Physics informed neural networks for control oriented thermal modeling of buildings

Abstract

Buildings constitute more than 40% of total primary energy consumption worldwide and are bound to play an important role in the energy transition process. To unlock their potential, we need sophisticated controllers that can understand the underlying non-linear thermal dynamics of buildings, consider user comfort constraints and produce optimal control actions. A crucial challenge for developing such controllers is obtaining an accurate control-oriented model of a building. To address this challenge, we present a novel, data-driven modeling approach using physics informed neural networks. With this, we aim to combine the strengths of two prominent modeling frameworks: the interpretability of building physics models and the expressive power of neural networks. Specifically, we use measured data and prior information about building parameters to realize a neural network model that is guided by building physics and can model the temporal evolution of room temperature, power consumption as well as the hidden state, i.e., the temperature of building thermal mass.

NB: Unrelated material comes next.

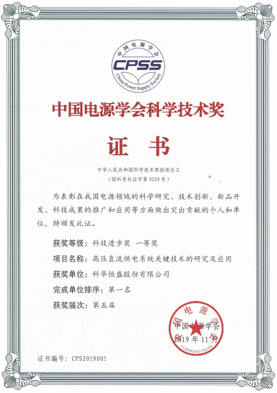 中国电源学会科技进步奖 一等奖
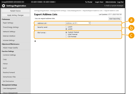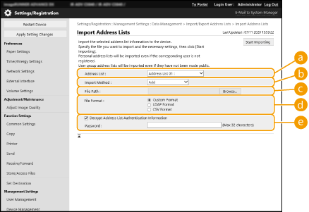 U kunt specifieke instellingen selecteren om te importeren of te exporteren, zoals adressenlijsten in het adresboek of printerinstellingen. Beheerdersbevoegdheden zijn nodig om deze bewerkingen uit te voeren.

The main research contributions of this work are: (1) we propose two new variants of physics informed neural network architectures for the task of control-oriented thermal modeling of buildings, (2) we show that training these architectures is data-efficient, requiring less training data compared to conventional, non-physics informed neural networks, and (3) we show that these architectures achieve more accurate predictions than conventional neural networks for longer prediction horizons (as needed for effective control). We test the prediction performance of the proposed architectures using both simulated and real-word data to demonstrate (2) and (3) and argue that the proposed physics informed neural network architectures can be used for control-oriented modeling.